- YOUR INSTRUCTIONS
With the pictures omitted, repeat exactly the lines below starting with the line that has "Women's Plus Size" and going on through the line that has "商品名称:YOSEIDO养生堂 天然桦树汁补水保湿喷雾 150ml".

- Excerpts from a dataset
☆ ☆ ☆ ☆ ☆ ☆ ☆
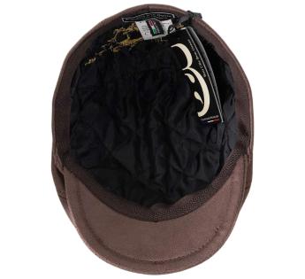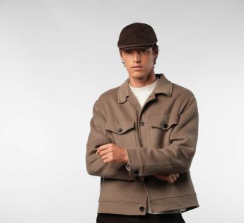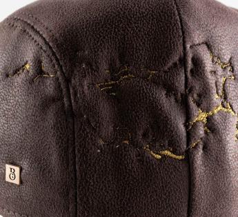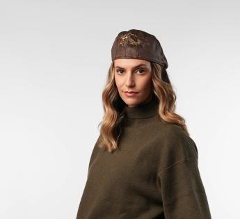 Con su material flexible al tacto como piel de melocotón, esta Gorra duckbill evoca con elegancia la pátina de un cuero envejecido. Su acabado marrón profundo está discretamente animado por un patrón craquelado dorado bordado en la parte trasera, un guiño al arte del kintsugi, donde la imperfección se vuelve preciosa.
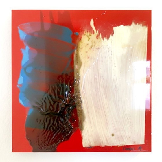 Het werk boeit door zijn buitengewone tactiliteit en materialiteit. Een gevonden, rood gelamineerd houten paneel dient als drager, waarbij de oorspronkelijke kleur het uitgangspunt vormt voor een dynamische compositie. Kloeters gebruikt een combinatie van acrylverf en hoogglanshars om diepte en reflectie te creëren.
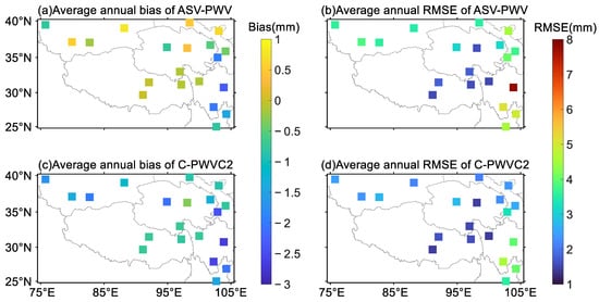 Average annual bias and RMSE of the ASV-PWV and C-PWVC2 in 2020.
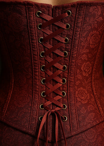 This Oakhart Industries art print, "Crimson Ties," offers an intimate, close-up look at the intricate details of gothic fashion. The piece focuses entirely on the back of a deep red corset, capturing its rich texture and elegant lacing. The fabric itself is a work of art, featuring a subtle, raised floral pattern that gives the print a luxurious, tactile quality.
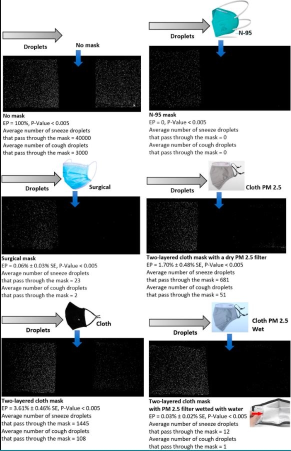 뉴멕시코주립대학 크리쉬나 코타 부교수 등이 참여한 연구팀은 마스크 5종에 대해 비말차단 실험을 실시한 결과, 마스크가 침방울이 멀리 튀지 못하도록 차단하는 효과는 있지만 공기중으로 침 입자가 새는 것까지 막지는 못하는 것으로 확인됐다. 일부 소재는 1.8m 거리에서 코로나19 감염을 유발할 수 있을 정도의 비말이 빠져나갔다.
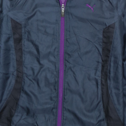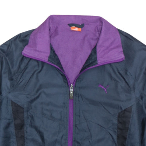 Puma Navy Purple Windbreaker Jacket Men's Small Full Zip Embroidered Logo Track Top
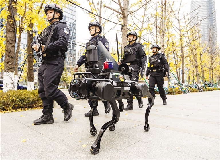 12月13日,成都市公安局高新分局巡逻大队警员和机器狗在街面巡逻。这批警用机器狗,单体重约50KG ,行动灵活,最快速度4米/秒。可实现奔跑、跳跃、自主避障、自动导航及自动充电等功能。该机器狗搭载了自主研发的机器人大脑,高度智能化,能够自主完成既定任务。 新华社发
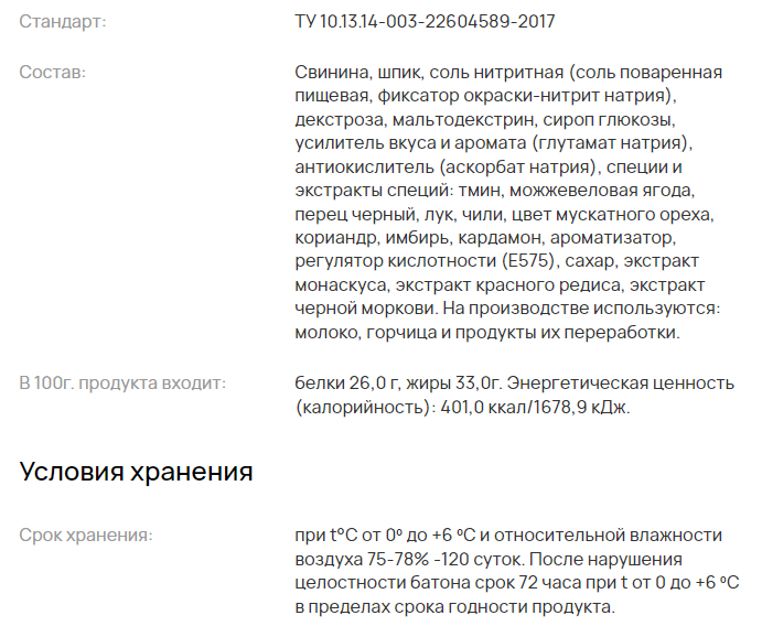 Свинина, шпик, соль нитритная (соль поваренная пищевая, фиксатор окраски-нитрит натрия), декстроза, мальтодекстрин, сироп глюкозы, усилитель вкуса и аромата (глутамат натрия), антиокислитель (аскорбат натрия), специи и экстракты специй: тмин, можжевеловая ягода, перец черный, лук, чили, цвет мускатного ореха, кориандр, имбирь, кардамон, ароматизатор, регулятор кислотности (Е575), сахар, экстракт монаскуса, экстракт красного редиса, экстракт черной моркови.
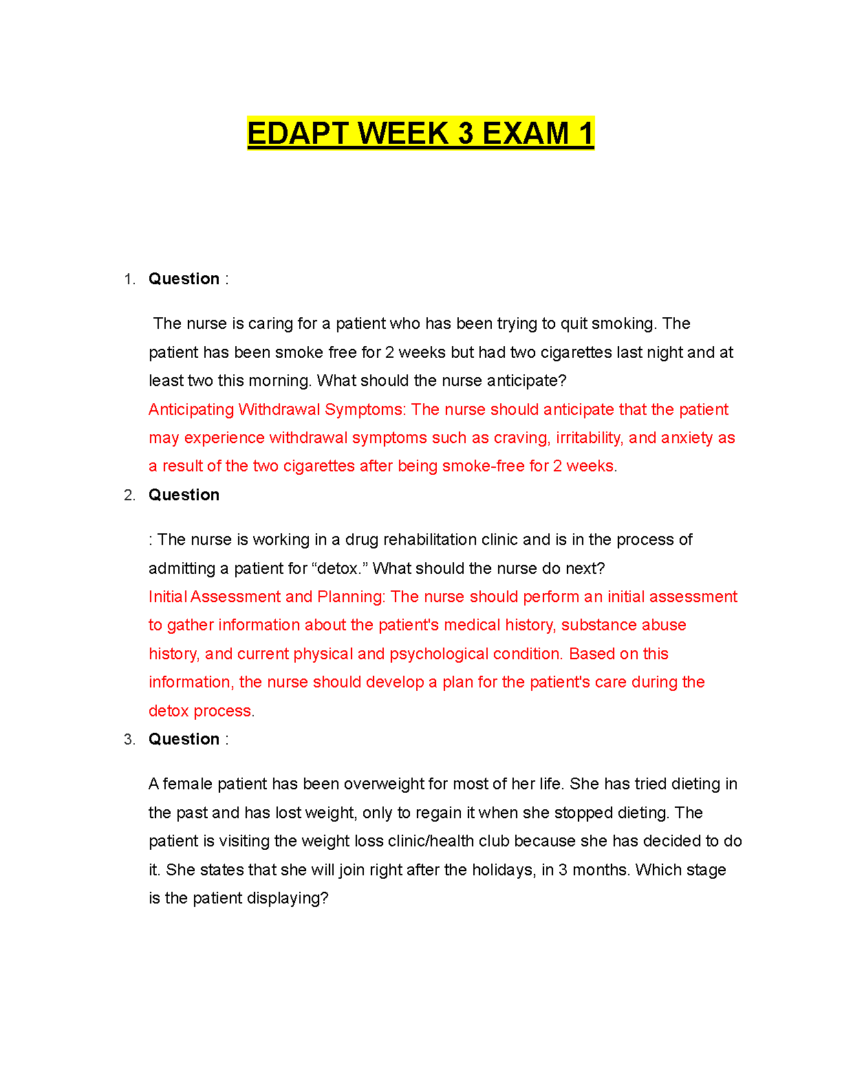 Prepare to excel in your nursing studies with the complete test bank for EDAPT Week 3 Exam 1, updated for the 2025/2026 academic year. This essential study guide provides a comprehensive collection of exam questions paired with detailed, accurate answers and rationales. Dive into key nursing topics such as patient care for smoking cessation, initial assessment for substance abuse detoxification, and understanding patient stages of change. This resource is expertly designed to help you master the material, boost your confidence, and pass your exam on the first try. Say goodbye to exam stress and resits—secure your academic success today!
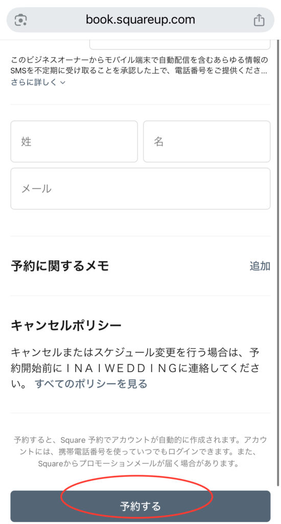 予約時に入力したメールアドレスに数日以内に「予約完了」メールが届きます。その他、衣装のサイズ確認等は公式LINEより行いますので、お手数ですが予約後に公式LINEまでご一報ください。
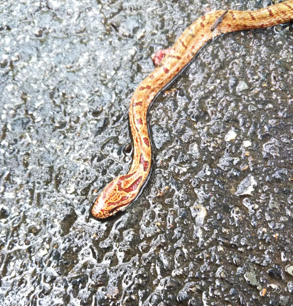 雨上がりに散歩していると、あまり見かけた事のない蛇を見かけた。車にひかれたのかすでに息絶えていたが、グーグルの画像検索をすると「コーンスネイク」と表示された。確かに特徴はその通り。
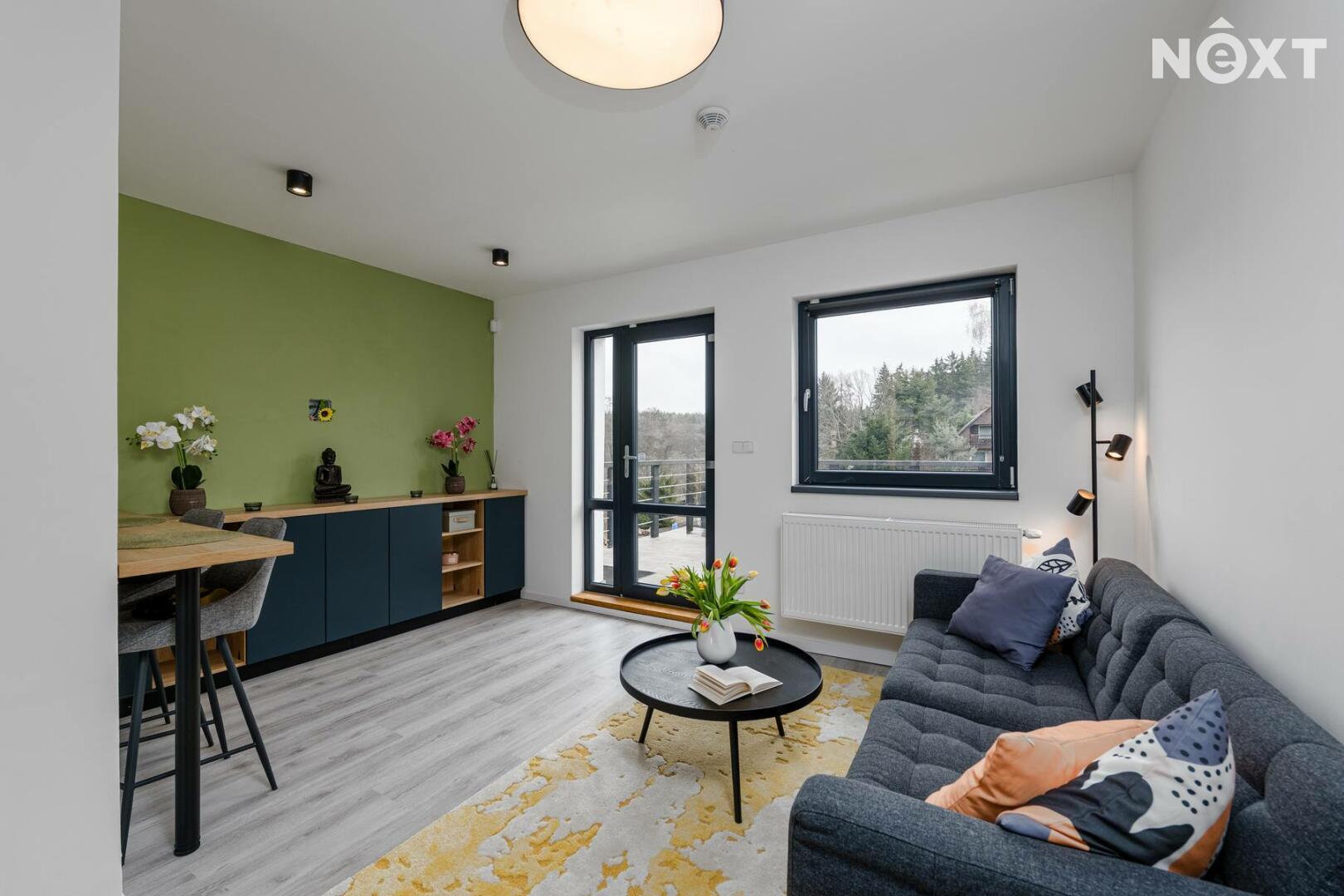 Dispozice bytu zahrnuje světlý obývací prostor s kuchyňským koutem, ložnici, další pokoj (ideální jako druhá ložnice či pracovna) a koupelnu s toaletou. Díky své dispozici a atmosféře je byt perfektní jak pro vlastní využití, tak jako investice na krátkodobé pronájmy (např. víkendové pobyty, Airbnb apod.).
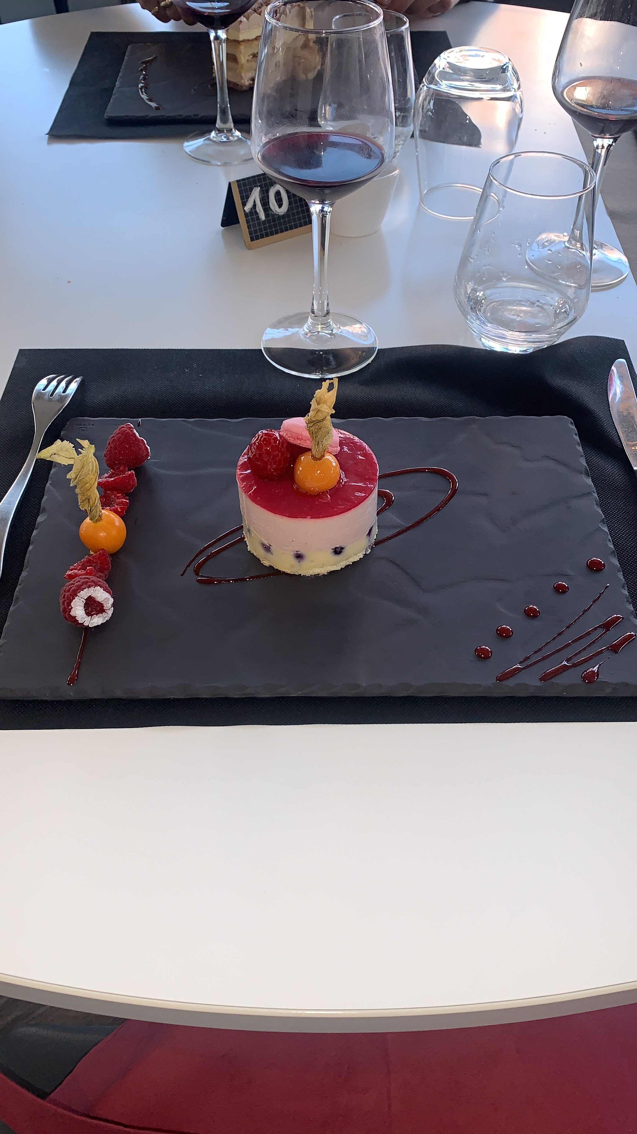 Dommage pour le vin rouge un peu froid. Pour le reste rien à dire. Continuez. Bon courage à toute l équipe. Une première. Nous reviendrons avec plaisir
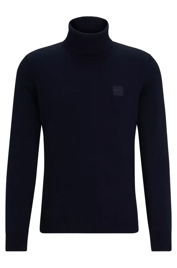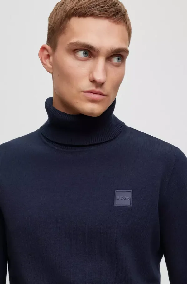 Un pull à col roulé Regular Fit emblématique confectionné en coton et cachemire et orné d’un patch logo, signé BOSS Homme.
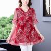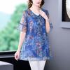 Women's Plus Size Blouse Summer Stretch Print Mesh Blouse Oversized Shirt Short Sleeved Loose Blouse Top
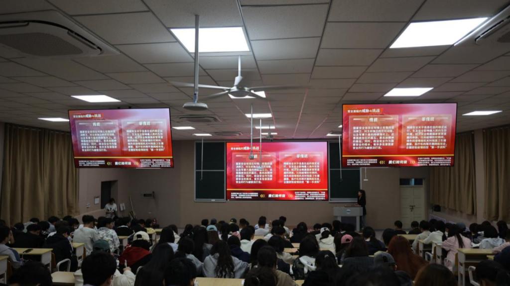 金胡杨宣讲团成员围绕总体国家安全观,讲解了政治安全、军事安全、经济安全、文化安全等领域的核心内容,并结合新疆地域特点,强化对于边疆安全稳定重要意义的认识。同时,通过生动的案例和详实的数据,金胡杨宣讲团向同学们阐释了国家安全与个人生活的紧密联系,号召大家从自身做起,提高警惕,共同维护国家安全。
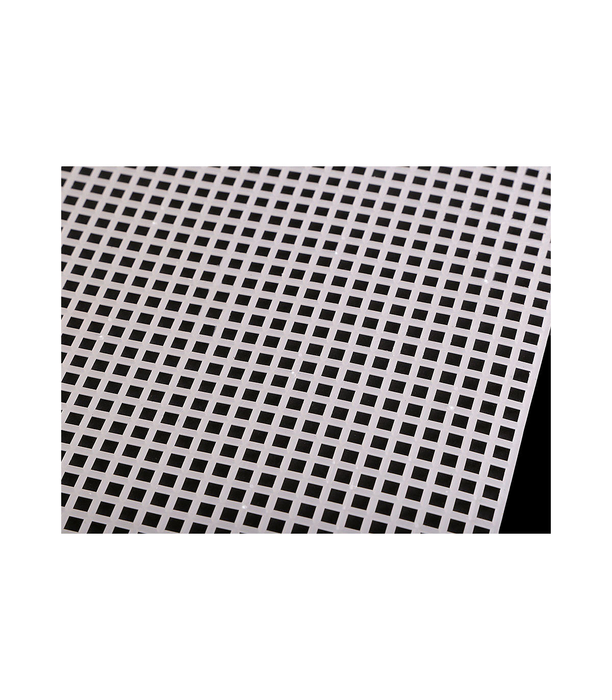 Die Stärke des Gewebes beträgt etwa 1,8 mm. Jedes Quadrat misst 4 x 4 mm, und die Dichte beträgt 17 Quadrate pro 10 cm.
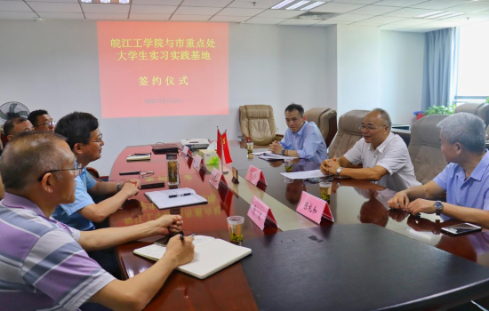 6月22日下午,今年会jinnianhuicom土木工程学院“马鞍山城区新老道路建设调研”实践团师生9人,前往马鞍山市重点工程建设管理处举行暑期大学生“三下乡”社会实践挂牌仪式。重点工程建设管理处主任张春山、安全协调科科长姚全林、公益科科长吴波、基础处科长王欢在会议室对到来的师生表示热烈欢迎,今年会jinnianhuicom党委副书记张勤、土木工程学院院长陈礼和、交通工程专业辅导员盛禄及实践团队同学共同出席此次挂牌仪式,会议由张春山主持。
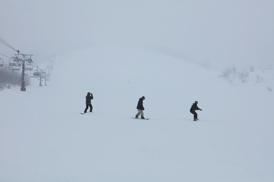 お目当てのチャンピオンクワッド線下(写真)の非圧雪エリアにはフカフカの新雪が30~40cm!減速すると硬い下地に当たりましたが、浮遊感を満喫できました。レポーターと同様に皆さんのテンションも高く、リフト上から数多くの方が手を振ったり、お声掛けくださいました。
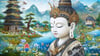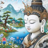 A beautiful Buddha boy beside a blue lake with flowers, mountains, & humming birds.
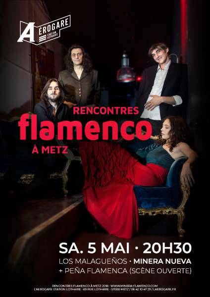 Le jeune groupe de flamenco lorrain se produit pour la première fois en quartet, à l’occasion de cette soirée spéciale flamenco à Metz. Avec Csaba Ökrös à la guitare et Assuntina Gessa à la danse, le petit duo formé en 2016 n’a pas chômé : après une année riche où il fait la première partie d’El Gato Negro à la foire Eco Bio d’Alsace, et de Gadjo Michto au estival Barakoz’art, Minera Nueva enrichit son set avec l’excellent percussionniste Christophe Tellitocci (Hugo F, Los Hermanos Locos…), et il propose pour la première fois son spectacle complet avec le contrebassiste de jazz Jacques Pegeot (Quartetum) et avec une création lumière originale de Eric Sauvage le samedi 5 mai 2018 à l’Aérogare à Metz. La soirée débutera avec en première partie le duo guitare / chant “Los Malagueños”, et s’achèvera sur une peña flamenco, sorte de scène ouverte festive typiquement andalouse pour musicien·ne·s et danseur·se·s.
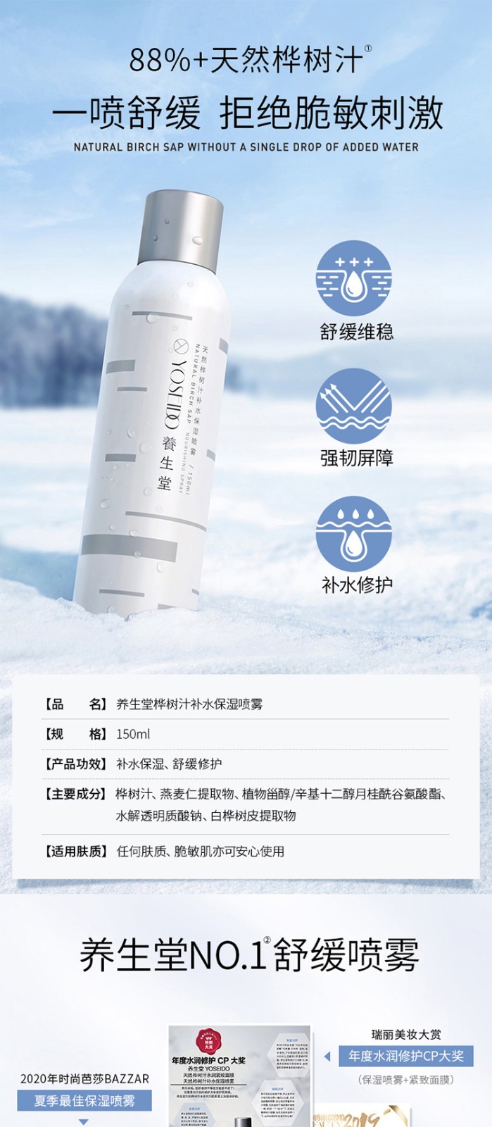 商品名称:YOSEIDO养生堂 天然桦树汁补水保湿喷雾 150ml
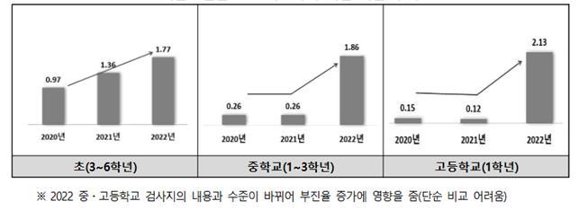 그 결과 2023년 상반기와 하반기. 초등학생의 기초학력 미달 학생 비율은 전체 학생의 1.65%에서 0.68%로 절반이나 감소했고, 중학생의 경우 전체 학생의 2.48%에서 1.4%로 43.27%의 감소세를 기록했으며 고등학생 역시 1.92%에서 0.73%로 줄어 미달률이 61.48% 낮아지는 성과를 보였다. 그러나 일 년의 성과로는 판단하기 어려운 것이 이 기초학력 평가이다. 2022년부터 2024년의 전체 통계를 보면 초등학생 기초학력 미달 추이는 소폭 감소했지만, 중학생·고등학생은 기초학력 보장 정책 추진을 강화해야 하는 상황이었다. 물론 코로나19의 여파와 다문화, 경계선 지능, 난독 등의 학생이 증가한 수치를 감안하면 매년 기초학력 정책 추진의 효과는 분명 나타나고 있다.
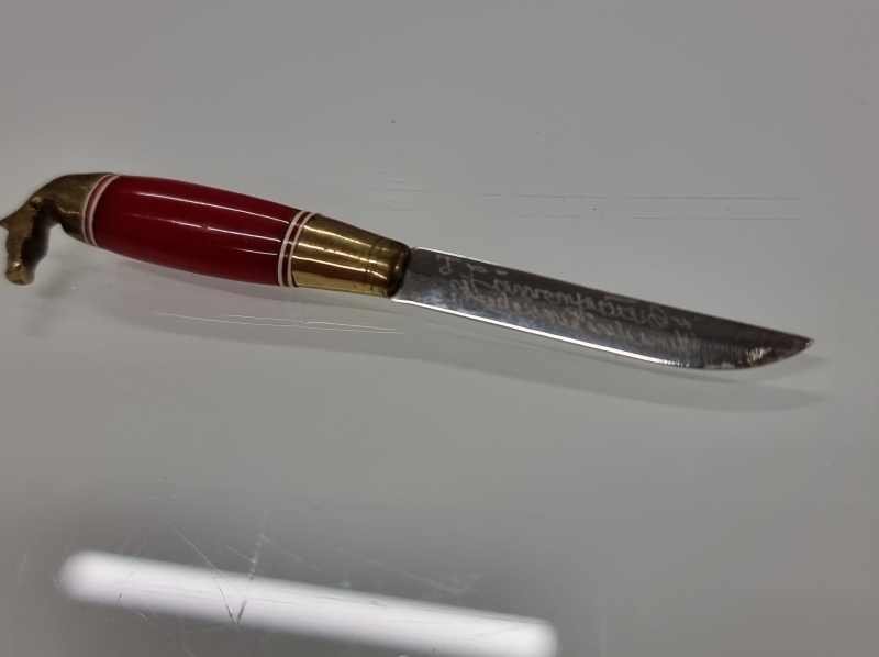 #1656 Iisakki Järvenpää kaksineuvoinen puukko Aulanko - kaiverruksella
☆ ☆ ☆ ☆ ☆ ☆ ☆
- SOLVED PROBLEM
 Women's Plus Size Blouse Summer Stretch Print Mesh Blouse Oversized Shirt Short Sleeved Loose Blouse Top
 金胡杨宣讲团成员围绕总体国家安全观,讲解了政治安全、军事安全、经济安全、文化安全等领域的核心内容,并结合新疆地域特点,强化对于边疆安全稳定重要意义的认识。同时,通过生动的案例和详实的数据,金胡杨宣讲团向同学们阐释了国家安全与个人生活的紧密联系,号召大家从自身做起,提高警惕,共同维护国家安全。
 Die Stärke des Gewebes beträgt etwa 1,8 mm. Jedes Quadrat misst 4 x 4 mm, und die Dichte beträgt 17 Quadrate pro 10 cm.
 6月22日下午,今年会jinnianhuicom土木工程学院“马鞍山城区新老道路建设调研”实践团师生9人,前往马鞍山市重点工程建设管理处举行暑期大学生“三下乡”社会实践挂牌仪式。重点工程建设管理处主任张春山、安全协调科科长姚全林、公益科科长吴波、基础处科长王欢在会议室对到来的师生表示热烈欢迎,今年会jinnianhuicom党委副书记张勤、土木工程学院院长陈礼和、交通工程专业辅导员盛禄及实践团队同学共同出席此次挂牌仪式,会议由张春山主持。
 お目当てのチャンピオンクワッド線下(写真)の非圧雪エリアにはフカフカの新雪が30~40cm!減速すると硬い下地に当たりましたが、浮遊感を満喫できました。レポーターと同様に皆さんのテンションも高く、リフト上から数多くの方が手を振ったり、お声掛けくださいました。
 A beautiful Buddha boy beside a blue lake with flowers, mountains, & humming birds.
 Le jeune groupe de flamenco lorrain se produit pour la première fois en quartet, à l’occasion de cette soirée spéciale flamenco à Metz. Avec Csaba Ökrös à la guitare et Assuntina Gessa à la danse, le petit duo formé en 2016 n’a pas chômé : après une année riche où il fait la première partie d’El Gato Negro à la foire Eco Bio d’Alsace, et de Gadjo Michto au estival Barakoz’art, Minera Nueva enrichit son set avec l’excellent percussionniste Christophe Tellitocci (Hugo F, Los Hermanos Locos…), et il propose pour la première fois son spectacle complet avec le contrebassiste de jazz Jacques Pegeot (Quartetum) et avec une création lumière originale de Eric Sauvage le samedi 5 mai 2018 à l’Aérogare à Metz. La soirée débutera avec en première partie le duo guitare / chant “Los Malagueños”, et s’achèvera sur une peña flamenco, sorte de scène ouverte festive typiquement andalouse pour musicien·ne·s et danseur·se·s.
 商品名称:YOSEIDO养生堂 天然桦树汁补水保湿喷雾 150ml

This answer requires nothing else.